AutoGen for SAP ECC Reporting and Analytics Automation

Section titled “AutoGen for SAP ECC Reporting and Analytics Automation”

This guide demonstrates how to build a reporting agent using Microsoft AutoGen that connects to SAP ECC via the Model Context Protocol (MCP).

Unlike modern SaaS APIS, legacy SAP systems often require complex OData or RFC connections. We use the “Retrofit” pattern: a FastMCP server handles the heavy lifting (SAP Gateway authentication, OData parsing) and exposes simple, typed tools to the AutoGen agents.

  1. Server (FastMCP): A Python container that acts as the “SAP Gateway Bridge”. It speaks OData to SAP and MCP to the Agent.
  2. Client (AutoGen): A generic Python script using ClientSession to consume the MCP tools and register them with an AssistantAgent.
  3. Network: The Docker container requires a route to your on-premise SAP instance (e.g., via a Site-to-Site VPN or NordLayer).

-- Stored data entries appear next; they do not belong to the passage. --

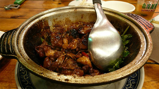 三杯鶏(サンベイジー)は、中国の江西料理です。その名の通り、鶏料理なのですが、もともとは酒、ラード、醤油の3種類の調味料を1杯ずつ入れて味付けをしていました。このため、三杯鶏と呼ばれていまです。現在ではラードの代わりに胡麻油が用いられているようです。調理中に一切、水を使わないため、これらの調味料で濃厚かつ、こってりした味に仕上がります。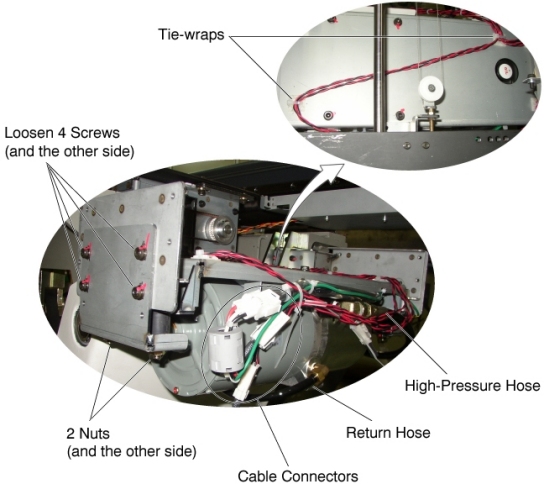 11. Cut any tie-wraps holding the cables to the upper frame of the pump assy.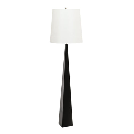 Black-painted steel tapered column floor lamp with Polished Nickel accents. Includes a White faux silk hard-backed shade. Made in England. LS463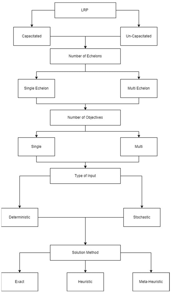 Xue Yu et al. classified LRP into several categories. The first category discusses the type of LRP—whether it is capacitated or un-capacitated. The second category is the number of echelons in the problem, whether it is a single-echelon or a multi-echelon problem. The third category is whether cost is the only objective to consider, making it a single-objective problem, or there are other objectives besides the cost, making it a multi-objective problem. The fourth category is the type of input data—whether it is deterministic, stochastic, or periodic. The fifth and final category is the type of solution to tackle, meaning whether the method is exact, heuristic, or meta-heuristic []. This classification is a preferred classification since it is sequential in nature. This gives an insight into how to tackle LRP by simply following each category and determining which direction to be taken for each category. Figure 2 shows the classification as discussed earlier, with each category being expanded on afterwards.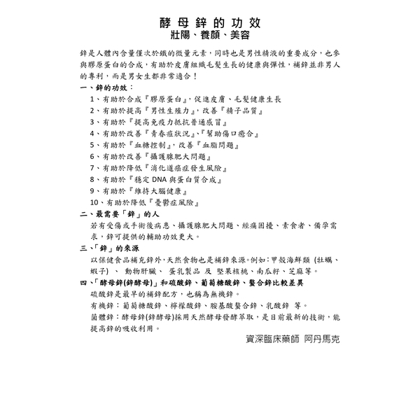 L-精氨酸 L-Arginine & 鋅酵母 Zinc Yeast產品說明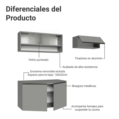 Combo de Cocina Flotante 200cm Gris Nice Madesa 07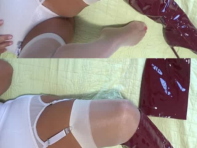 Goddess In Shiny Pantyhose And Leather Boots Drains You On Her Heels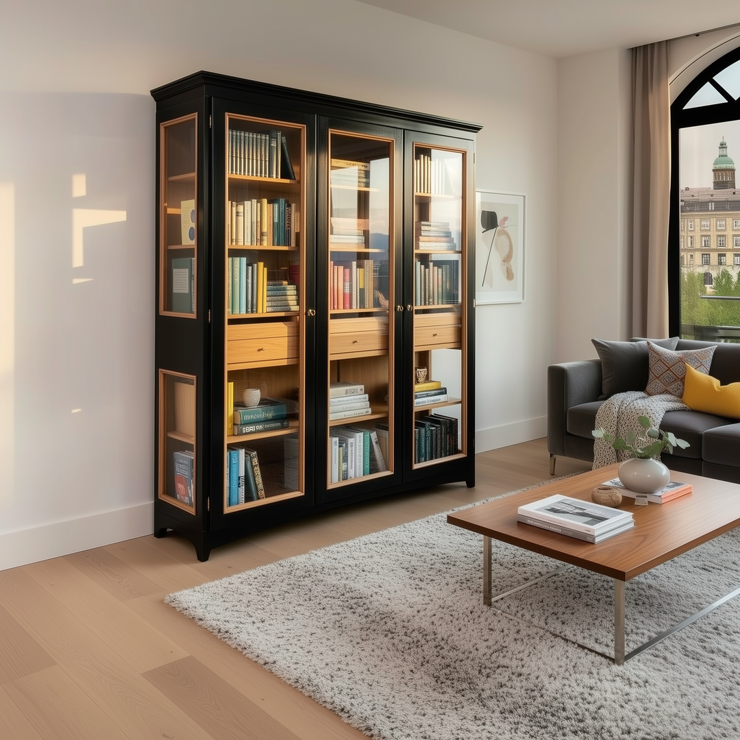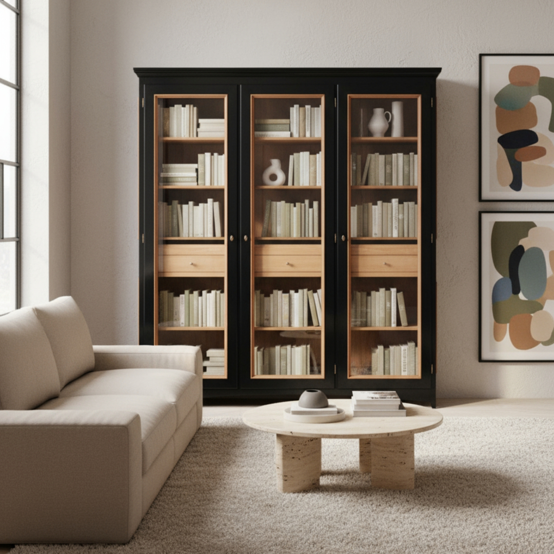 Dreitürige Vitrine aus massivem Tulpenholz. Erlesene handwerkliche Fertigung, mit besonderer und sorgfältiger Beachtung aller Details, zur Gänze in Italien erzeugt.

The server uses the mcp library to define tools. We bind to 0.0.0.0 to ensure the server is accessible by the AutoGen client running in a separate process or container.

import os
import requests
from mcp.server.fastmcp import FastMCP
# Initialize the FastMCP server
mcp = FastMCP("SAP-ECC-Reporting-Node")
# Configuration
# In production, inject these via environment variables
SAP_ODATA_BASE_URL = os.getenv("SAP_URL", "https://sap-gateway.internal.corp:44300/sap/opu/odata/sap/Z_ANALYTICS_SRV")
SAP_AUTH = (os.getenv("SAP_USER", "REPORT_BOT"), os.getenv("SAP_PASSWORD", "Secret123"))
# Ensure your container has network access (e.g. via NordLayer)
# This is required to reach the on-premise SAP Gateway from a cloud environment.
@mcp.tool()
def get_sales_revenue(fiscal_year: str, company_code: str) -> str:
"""
Retrieves total sales revenue for a specific fiscal year and company code from SAP ECC.
Args:
fiscal_year: The 4-digit year (e.g., '2024').
company_code: The 4-character SAP Company Code (e.g., '1000').
"""
try:
# Construct OData filter
filter_query = f"$filter=FiscalYear eq '{fiscal_year}' and CompanyCode eq '{company_code}'"
url = f"{SAP_ODATA_BASE_URL}/SalesSummarySet?{filter_query}&$format=json"
# Make the request to SAP Gateway
# verify=False is often needed for internal self-signed SAP certs; use proper certs in prod.
response = requests.get(url, auth=SAP_AUTH, verify=False, timeout=30)
response.raise_for_status()
data = response.json()
results = data.get('d', {}).get('results', [])
if not results:
return f"No sales data found for Company {company_code} in {fiscal_year}."
# Aggregation logic
total_revenue = sum(float(item.get('Revenue', 0)) for item in results)
currency = results[0].get('Currency', 'USD')
return f"Total Revenue for {company_code} in {fiscal_year}: {total_revenue:,.2f} {currency}"
except requests.exceptions.RequestException as e:
return f"SAP OData Connection Error: {str(e)}"
@mcp.tool()
def get_stock_levels(plant_id: str, material_id: str) -> str:
"""
Checks current stock levels for a material at a specific plant.
"""
try:
url = f"{SAP_ODATA_BASE_URL}/StockSet(Plant='{plant_id}',Material='{material_id}')?$format=json"
response = requests.get(url, auth=SAP_AUTH, verify=False, timeout=30)
if response.status_code == 404:
return f"Material {material_id} not found at Plant {plant_id}."
response.raise_for_status()
data = response.json().get('d', {})
qty = float(data.get('UnrestrictedQty', 0))
uom = data.get('BaseUnit', 'PC')
return f"Current Stock: {qty} {uom}"
except Exception as e:
return f"Error retrieving stock: {str(e)}"
if __name__ == "__main__":
mcp.run(transport='sse', host='0.0.0.0', port=8000)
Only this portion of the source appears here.